• DATA TO EXAMINE:
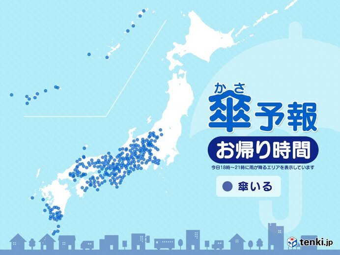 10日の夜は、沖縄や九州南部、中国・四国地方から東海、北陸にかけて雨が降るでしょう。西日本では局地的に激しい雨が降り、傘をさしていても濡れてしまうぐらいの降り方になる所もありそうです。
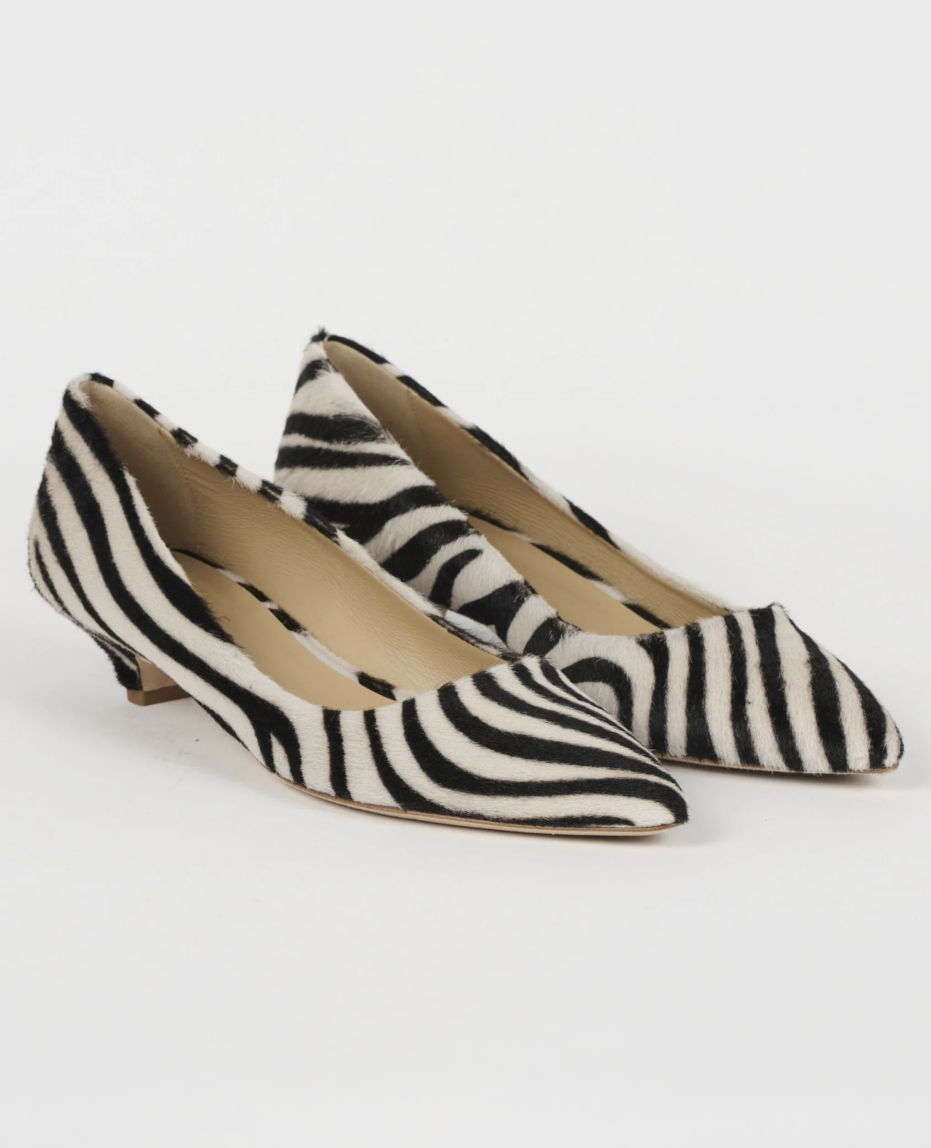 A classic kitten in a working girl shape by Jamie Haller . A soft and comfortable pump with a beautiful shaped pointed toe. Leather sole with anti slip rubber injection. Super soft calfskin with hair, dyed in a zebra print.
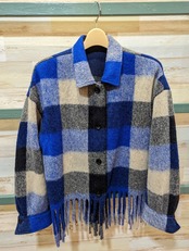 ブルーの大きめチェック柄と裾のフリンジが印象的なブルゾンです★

==

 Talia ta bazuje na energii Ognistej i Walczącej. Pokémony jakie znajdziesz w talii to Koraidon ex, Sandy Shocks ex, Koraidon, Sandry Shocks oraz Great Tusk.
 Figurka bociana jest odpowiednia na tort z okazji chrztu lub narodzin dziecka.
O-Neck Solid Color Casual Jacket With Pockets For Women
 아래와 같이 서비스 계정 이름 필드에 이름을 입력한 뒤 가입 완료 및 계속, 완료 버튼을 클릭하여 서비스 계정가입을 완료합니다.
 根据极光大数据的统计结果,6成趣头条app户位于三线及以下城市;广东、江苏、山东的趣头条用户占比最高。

==

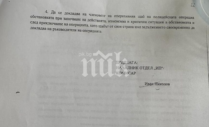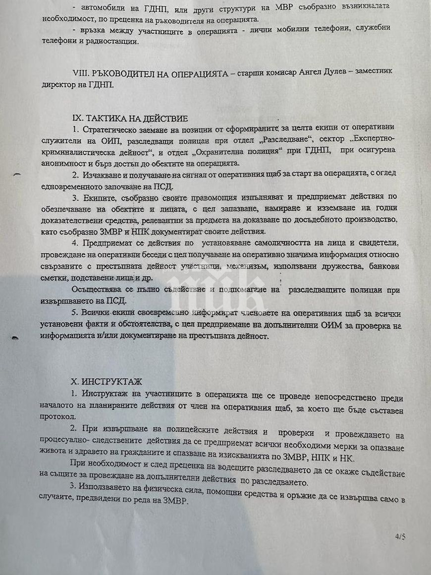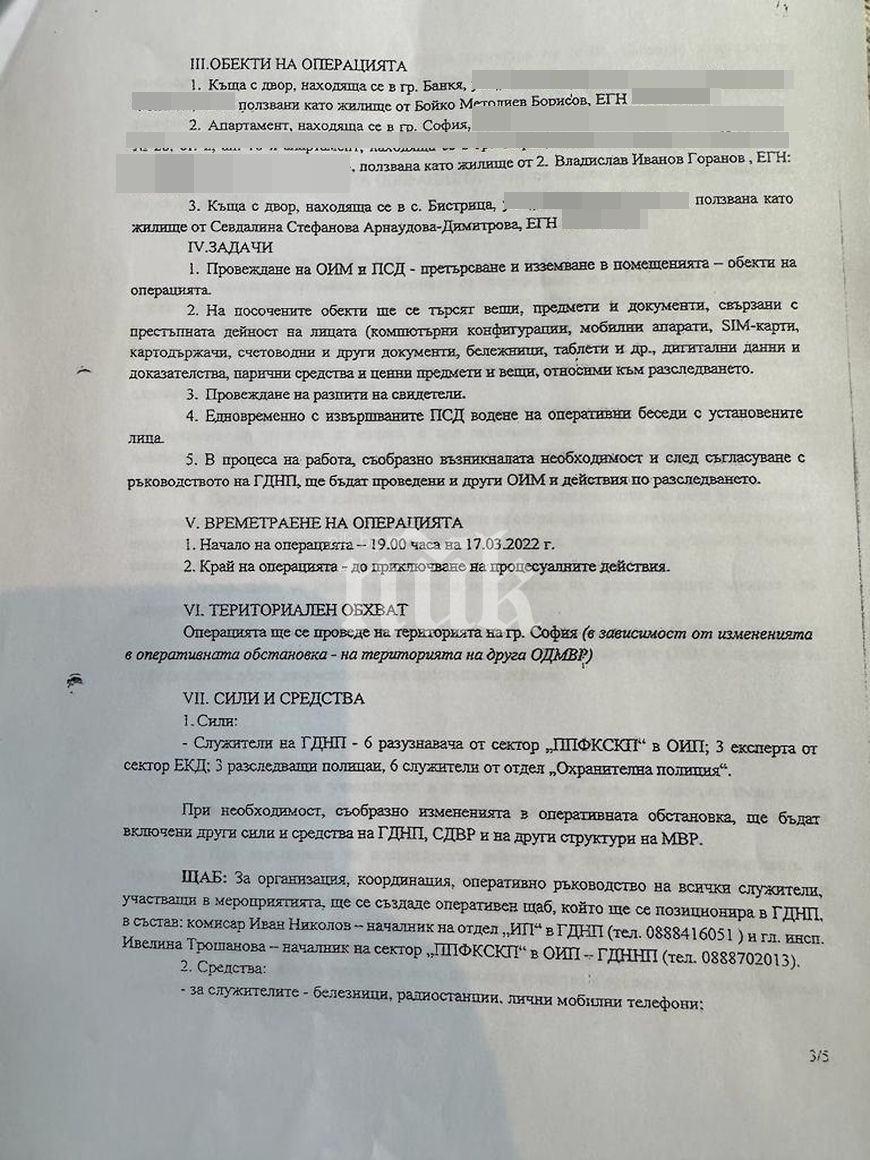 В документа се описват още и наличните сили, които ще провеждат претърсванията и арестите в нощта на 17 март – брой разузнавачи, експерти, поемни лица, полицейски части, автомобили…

• EXERCISE OBJECTIVE: Within the material above, transcribe exactly the lines that run from the line holding "O-Neck Solid Color" through the line holding "根据极光大数据的统计结果,6".

• ANSWER TO THIS TASK:
O-Neck Solid Color Casual Jacket With Pockets For Women
 아래와 같이 서비스 계정 이름 필드에 이름을 입력한 뒤 가입 완료 및 계속, 완료 버튼을 클릭하여 서비스 계정가입을 완료합니다.
 根据极光大数据的统计结果,6成趣头条app户位于三线及以下城市;广东、江苏、山东的趣头条用户占比最高。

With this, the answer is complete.